* Instructions to follow *
Repeat the records below verbatim and include no pictures.

Records contained in a dataset
*** Block opens ***

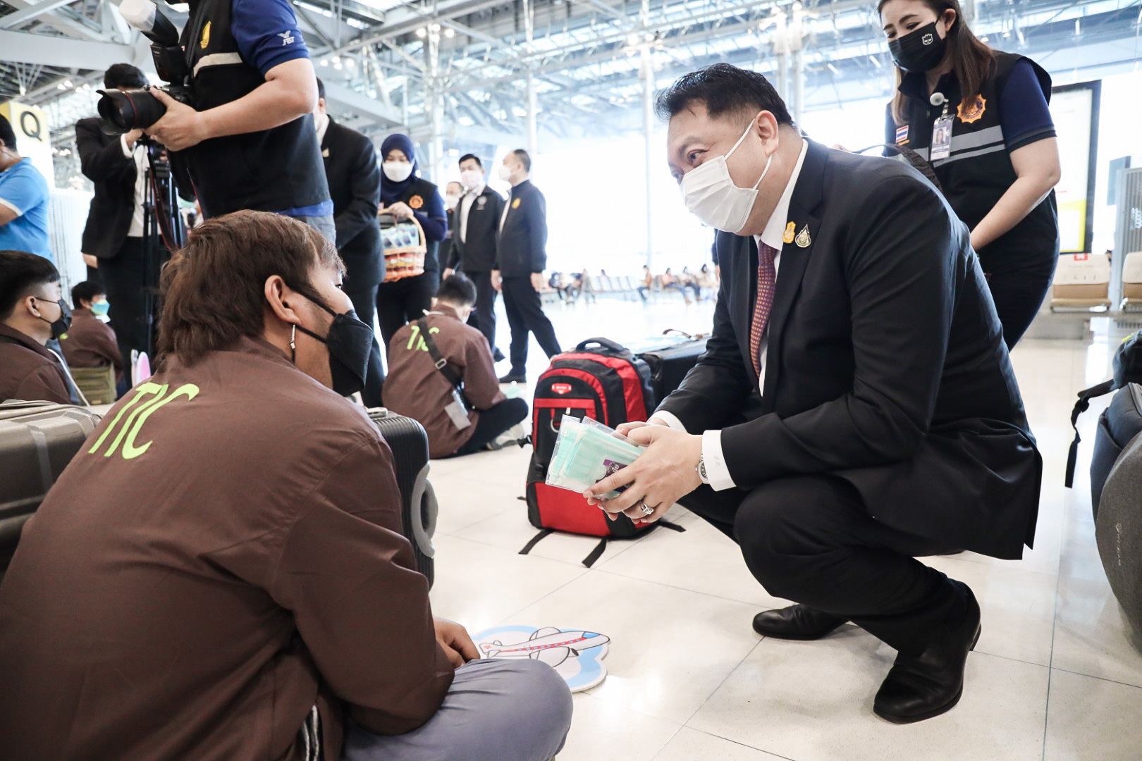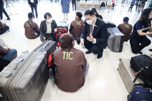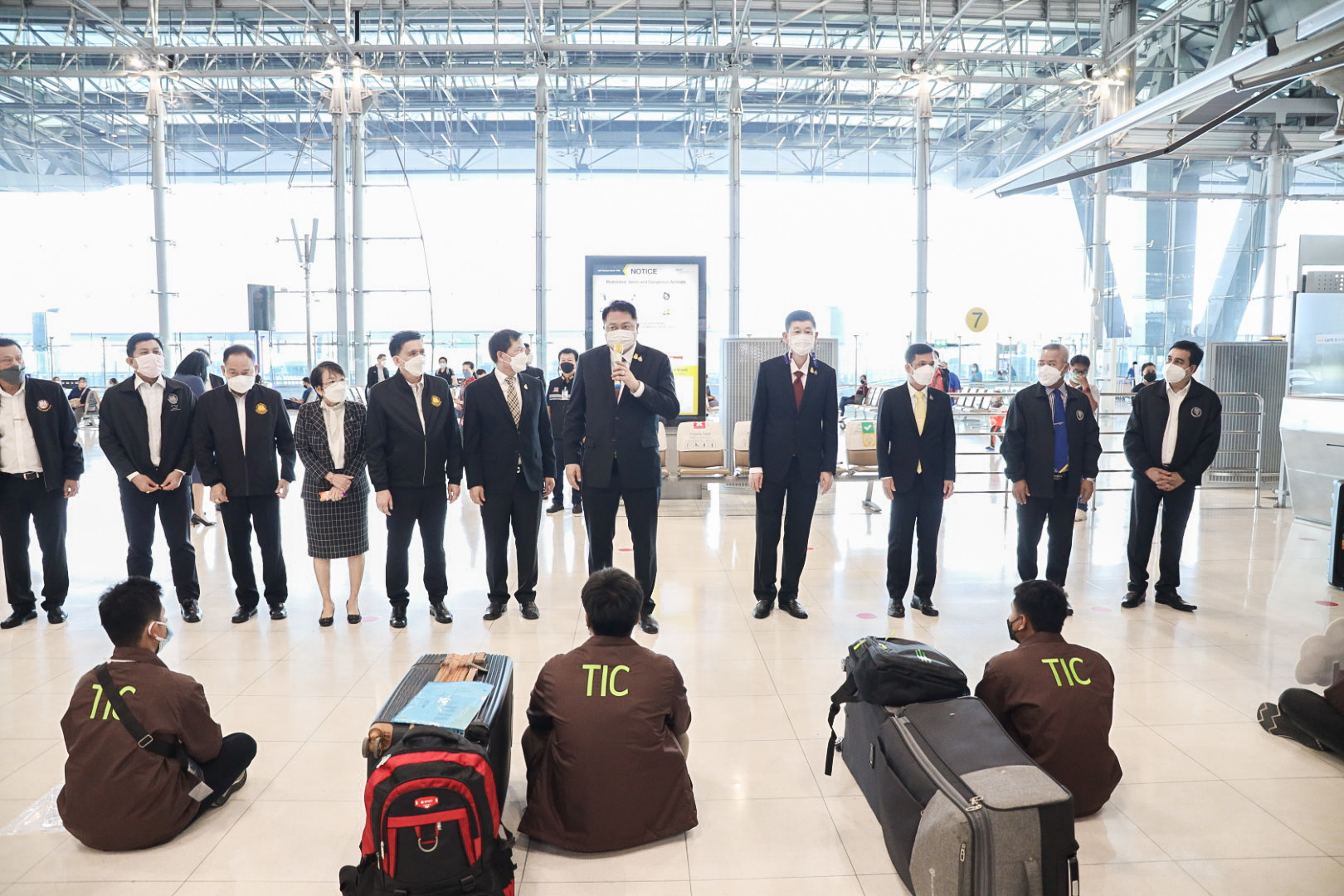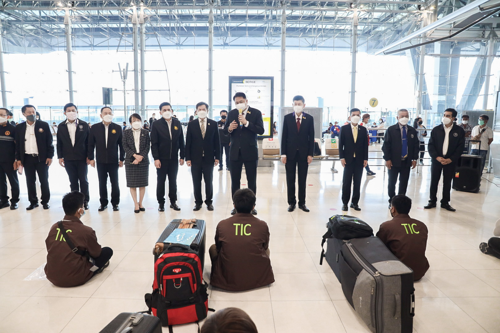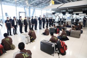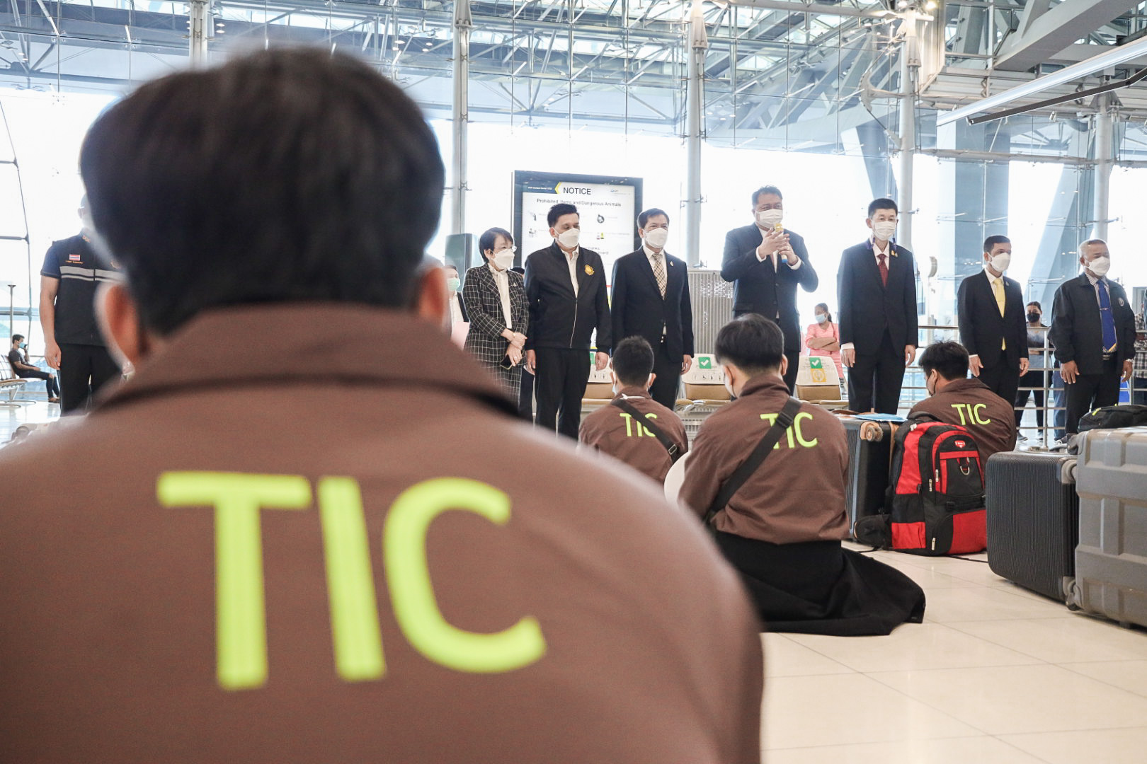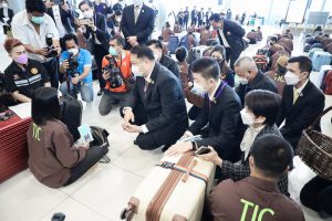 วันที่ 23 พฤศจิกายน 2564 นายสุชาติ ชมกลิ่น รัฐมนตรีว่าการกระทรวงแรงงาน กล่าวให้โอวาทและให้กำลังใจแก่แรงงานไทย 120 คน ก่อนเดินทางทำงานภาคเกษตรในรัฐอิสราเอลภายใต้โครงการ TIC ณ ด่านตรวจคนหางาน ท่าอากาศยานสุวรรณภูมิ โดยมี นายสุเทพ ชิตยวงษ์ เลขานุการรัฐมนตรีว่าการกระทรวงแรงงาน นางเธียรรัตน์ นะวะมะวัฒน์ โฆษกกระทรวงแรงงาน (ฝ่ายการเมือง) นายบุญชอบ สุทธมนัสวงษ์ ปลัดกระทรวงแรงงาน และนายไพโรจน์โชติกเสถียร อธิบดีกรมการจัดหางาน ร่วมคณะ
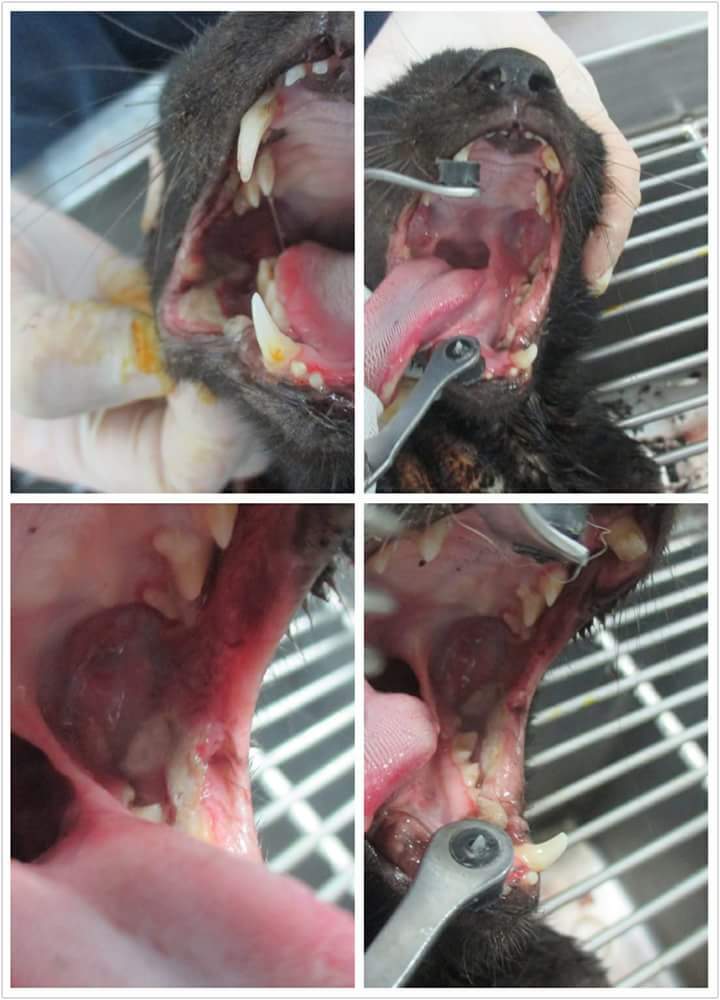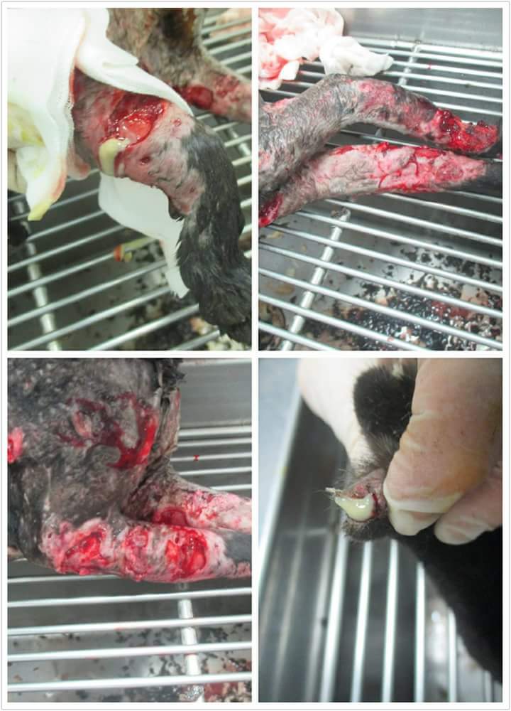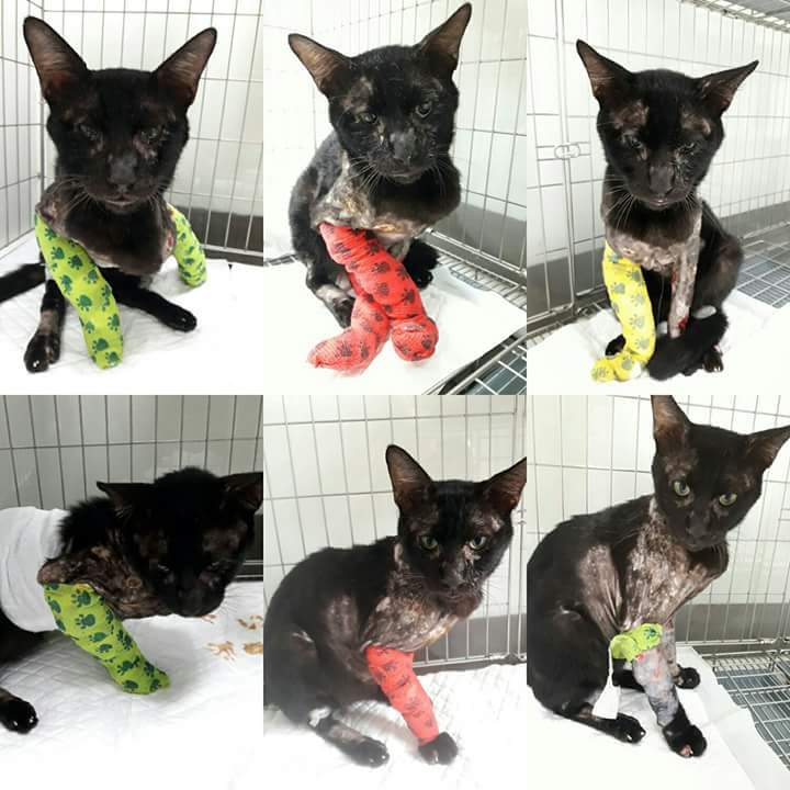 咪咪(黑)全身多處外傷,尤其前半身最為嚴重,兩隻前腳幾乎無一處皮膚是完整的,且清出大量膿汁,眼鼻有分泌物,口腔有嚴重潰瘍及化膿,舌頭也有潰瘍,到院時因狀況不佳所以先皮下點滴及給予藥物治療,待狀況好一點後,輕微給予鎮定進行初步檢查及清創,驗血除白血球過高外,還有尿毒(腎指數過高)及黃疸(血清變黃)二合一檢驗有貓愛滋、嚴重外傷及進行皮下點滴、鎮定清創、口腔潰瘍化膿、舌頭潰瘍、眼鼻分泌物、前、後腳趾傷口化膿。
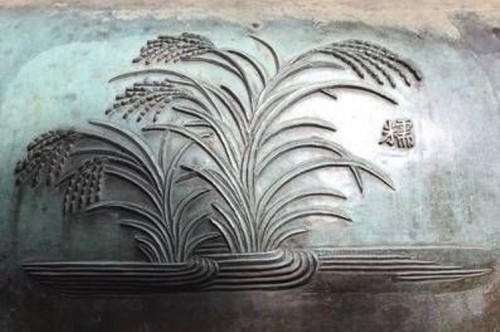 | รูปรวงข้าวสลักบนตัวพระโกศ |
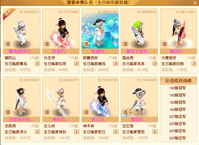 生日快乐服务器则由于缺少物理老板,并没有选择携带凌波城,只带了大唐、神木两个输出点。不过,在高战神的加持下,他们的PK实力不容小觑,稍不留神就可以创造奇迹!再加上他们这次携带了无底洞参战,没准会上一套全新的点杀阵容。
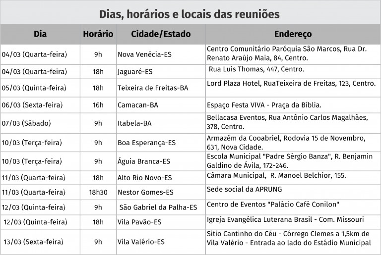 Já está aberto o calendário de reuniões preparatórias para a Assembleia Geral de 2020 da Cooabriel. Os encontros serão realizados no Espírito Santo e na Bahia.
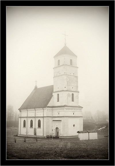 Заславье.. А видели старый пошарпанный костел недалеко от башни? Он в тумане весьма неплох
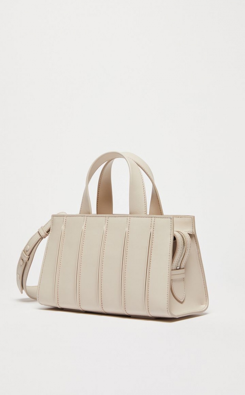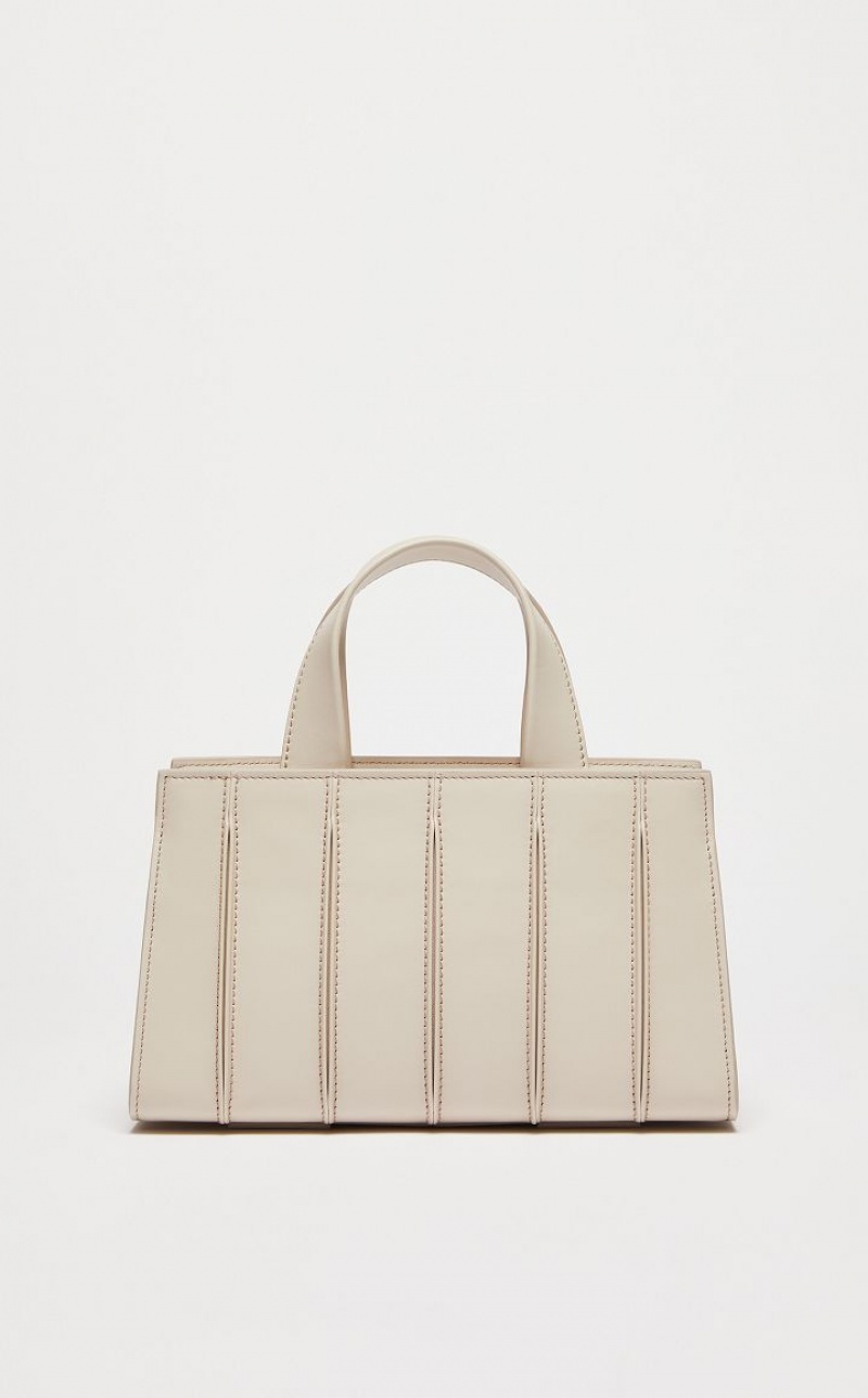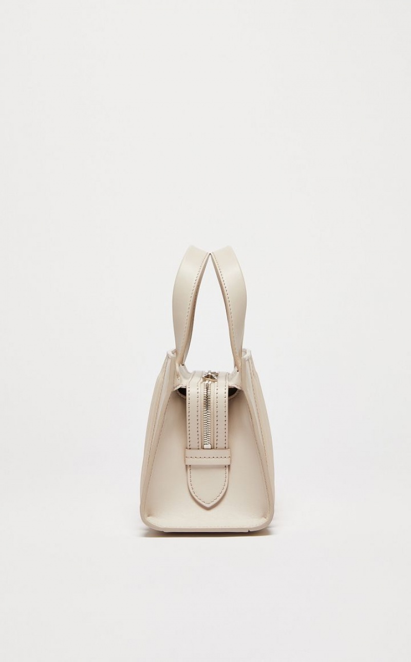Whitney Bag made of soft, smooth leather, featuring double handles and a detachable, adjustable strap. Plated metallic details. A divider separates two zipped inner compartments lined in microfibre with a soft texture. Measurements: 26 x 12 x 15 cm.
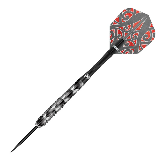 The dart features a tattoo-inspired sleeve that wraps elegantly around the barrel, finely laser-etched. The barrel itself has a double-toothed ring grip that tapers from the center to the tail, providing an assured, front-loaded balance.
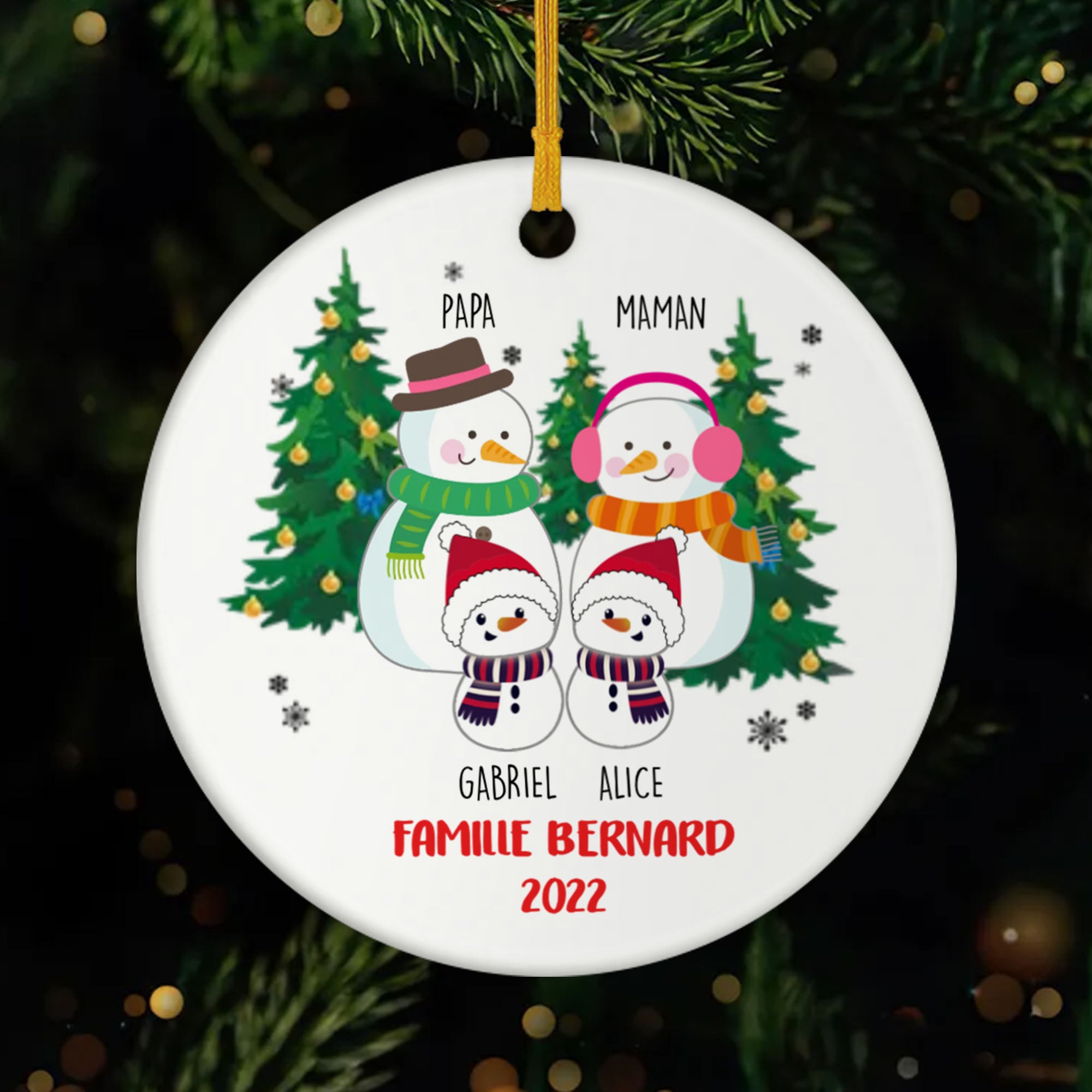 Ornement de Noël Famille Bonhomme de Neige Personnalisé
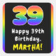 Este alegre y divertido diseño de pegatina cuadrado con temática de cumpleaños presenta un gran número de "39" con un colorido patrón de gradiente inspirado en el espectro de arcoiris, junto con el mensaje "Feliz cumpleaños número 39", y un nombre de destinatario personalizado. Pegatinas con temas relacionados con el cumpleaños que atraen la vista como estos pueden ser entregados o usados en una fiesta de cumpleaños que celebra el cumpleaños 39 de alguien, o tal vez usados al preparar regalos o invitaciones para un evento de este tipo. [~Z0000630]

*** Block closes ***

* Answer to this exercise *
 วันที่ 23 พฤศจิกายน 2564 นายสุชาติ ชมกลิ่น รัฐมนตรีว่าการกระทรวงแรงงาน กล่าวให้โอวาทและให้กำลังใจแก่แรงงานไทย 120 คน ก่อนเดินทางทำงานภาคเกษตรในรัฐอิสราเอลภายใต้โครงการ TIC ณ ด่านตรวจคนหางาน ท่าอากาศยานสุวรรณภูมิ โดยมี นายสุเทพ ชิตยวงษ์ เลขานุการรัฐมนตรีว่าการกระทรวงแรงงาน นางเธียรรัตน์ นะวะมะวัฒน์ โฆษกกระทรวงแรงงาน (ฝ่ายการเมือง) นายบุญชอบ สุทธมนัสวงษ์ ปลัดกระทรวงแรงงาน และนายไพโรจน์โชติกเสถียร อธิบดีกรมการจัดหางาน ร่วมคณะ
 咪咪(黑)全身多處外傷,尤其前半身最為嚴重,兩隻前腳幾乎無一處皮膚是完整的,且清出大量膿汁,眼鼻有分泌物,口腔有嚴重潰瘍及化膿,舌頭也有潰瘍,到院時因狀況不佳所以先皮下點滴及給予藥物治療,待狀況好一點後,輕微給予鎮定進行初步檢查及清創,驗血除白血球過高外,還有尿毒(腎指數過高)及黃疸(血清變黃)二合一檢驗有貓愛滋、嚴重外傷及進行皮下點滴、鎮定清創、口腔潰瘍化膿、舌頭潰瘍、眼鼻分泌物、前、後腳趾傷口化膿。
 | รูปรวงข้าวสลักบนตัวพระโกศ |
 生日快乐服务器则由于缺少物理老板,并没有选择携带凌波城,只带了大唐、神木两个输出点。不过,在高战神的加持下,他们的PK实力不容小觑,稍不留神就可以创造奇迹!再加上他们这次携带了无底洞参战,没准会上一套全新的点杀阵容。
 Já está aberto o calendário de reuniões preparatórias para a Assembleia Geral de 2020 da Cooabriel. Os encontros serão realizados no Espírito Santo e na Bahia.
 Заславье.. А видели старый пошарпанный костел недалеко от башни? Он в тумане весьма неплох
Whitney Bag made of soft, smooth leather, featuring double handles and a detachable, adjustable strap. Plated metallic details. A divider separates two zipped inner compartments lined in microfibre with a soft texture. Measurements: 26 x 12 x 15 cm.
 The dart features a tattoo-inspired sleeve that wraps elegantly around the barrel, finely laser-etched. The barrel itself has a double-toothed ring grip that tapers from the center to the tail, providing an assured, front-loaded balance.
 Ornement de Noël Famille Bonhomme de Neige Personnalisé
 Este alegre y divertido diseño de pegatina cuadrado con temática de cumpleaños presenta un gran número de "39" con un colorido patrón de gradiente inspirado en el espectro de arcoiris, junto con el mensaje "Feliz cumpleaños número 39", y un nombre de destinatario personalizado. Pegatinas con temas relacionados con el cumpleaños que atraen la vista como estos pueden ser entregados o usados en una fiesta de cumpleaños que celebra el cumpleaños 39 de alguien, o tal vez usados al preparar regalos o invitaciones para un evento de este tipo. [~Z0000630]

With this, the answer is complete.